FAH-500/502 not so efficient?
Spinner
Birmingham, UK
Ever since freshly installing v5.00 and now v5.02, all my folding rigs have been extremely high maintainence with regard to downloading and initializing new work units etc.
It's driving me crazy, at least once a day one rig will just stop Folding after it's finished a work unit, it seems incapable of retrieving a new WU with out user intervention, e.g. a restart.
I'm running console on all of my rigs now, all as a service and all at default settings e.g no switches.
All Athlon XP's, 2 Palomino's, 4 Bartons.
What's the deal, is it WU server based or a problem with the client?
It's driving me crazy, at least once a day one rig will just stop Folding after it's finished a work unit, it seems incapable of retrieving a new WU with out user intervention, e.g. a restart.

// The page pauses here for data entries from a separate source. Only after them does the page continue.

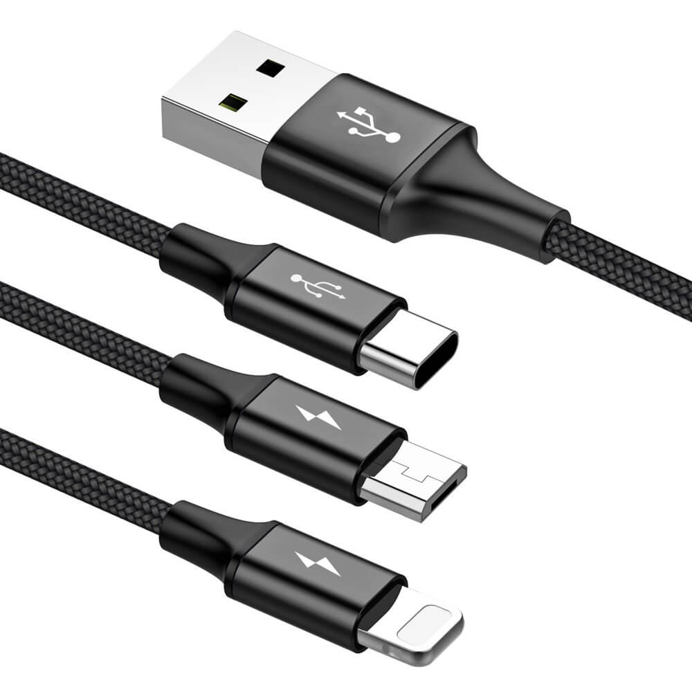 Универсален USB кабел с Lightning, microUSB и USB-C конектори (120 см) - Baseus Rapid 3-in-1 USB Cable (CAMLT-SU01) (черен)
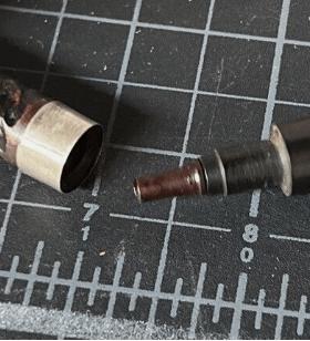 Oh, dang it, I forgot about the stinger, again. It had been sitting in a medicine cup with some 99% isopropyl alcohol. The alcohol softed the tar-lacquer (not sure if that is a thing). I used the buffer with some white compound to polish it up then reinserted it into the stem.
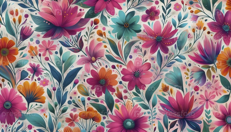 Красочный сад бохо акварель цветов цифровой бесшовный шаблон, Ai generated image
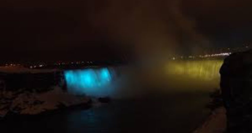 Në mbështetje të Ukrainës, Ujëvara e Niagarës u ngjyros në njërën anë blu dhe në tjetrën të verdhë.
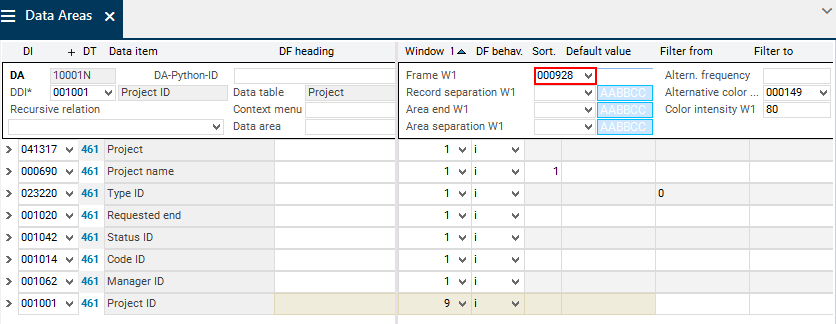 Copy the ID number (001001) of the Project ID data item to the inserted data field by using Drag&Drop copy or select it via the listbox in the DI field.
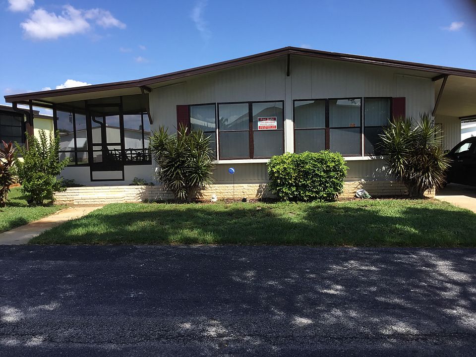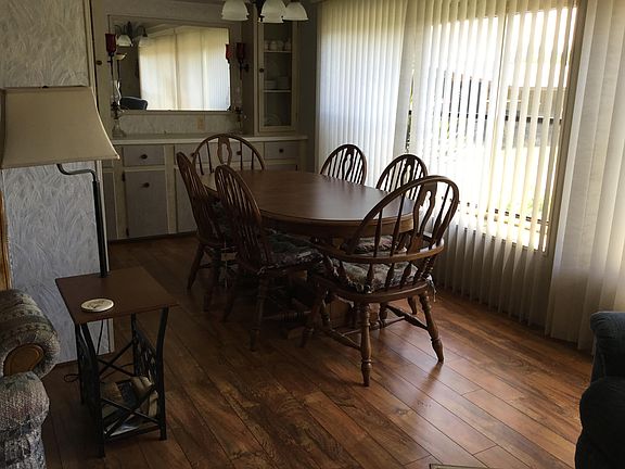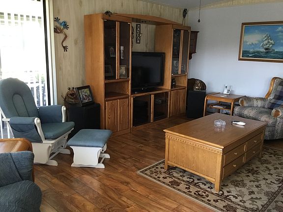 26 Alpine Dr. Lovely double wide in retirement park with two swimming pools,active clubhouse,schuffelboard,horseshoes etc. Two car driveway with carport plus shed for storage and laundry area Screened lanai with tile top table to enjoy your morning coffee Home is fully furnished to move right in and start enjoying the Florida life Gallery kitchen with plenty of cabinets plus a small built in breakfast or lunch table area Plus a dining area off the kitchen with a built in hutch and large dining table with four large windows to let light in (very cheerful) Good size living area fully furnished with tv Beautiful wood floors through living and dining area Tile floors in kitchen and two bathrooms Mstr. Bath has tub/ shower Guest bath has step in shower Both bedrooms have walk in closets House recently painted on outside Well maintained on inside Lot rent $423 month includes trash pickup Size 24x43. 1032 sq ft
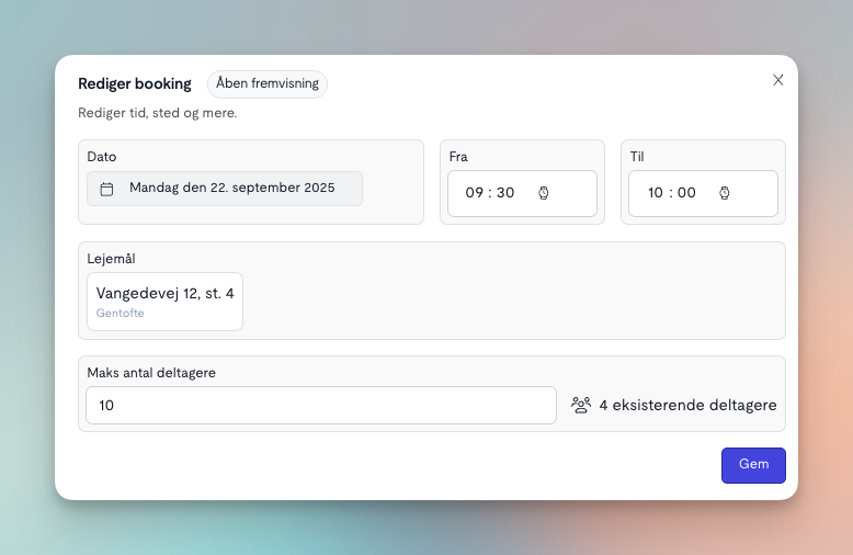 - Hvis du vil redigere fremvisningen, kan du trykke "rediger booking" og herefter rette tidspunkt (man kan dog ikke rette dato, såfremt der er tilmeldte på fremvisningen) og eventuelt rette antal maksimale deltagere. (Der sendes en mail når det er individuel fremvisning når der ændres i tiden).

I'm running console on all of my rigs now, all as a service and all at default settings e.g no switches.
All Athlon XP's, 2 Palomino's, 4 Bartons.
What's the deal, is it WU server based or a problem with the client?
0
Comments
Yet!.............
My boxes are on dial up and they are supposed to ask for connection. A couple of them often tried to send auto. That has stoped.
Sounds like a personal problem to me.
One thing that comes to mind though is when you ran the config on the client, did you answer "yes" to the "use Internet Explorer settings" question? If you did, then change that to a "no" in your config. I've had problems in the past with using IE settings with both version 3.xx and version 4 of the console and it might still be giving problems. I think that there is still some kind of bug in the client code throughout the various versions that makes it occasionally give problems receiving work when having that set to "yes".
Hope this helps you out, Spinner.
Thanks.
I'm starting to think it's a firewall problem that is causing the massive delays in obtaining new work units. I come to this conclusion because the only rig that doesn't seem to be having any trouble isn't using NIS 2003 or 2004, it's just using the Windows XP one, and that particular rig never suffers any problems like the others do. It folds, sends the results, get's some more work, then folds some more.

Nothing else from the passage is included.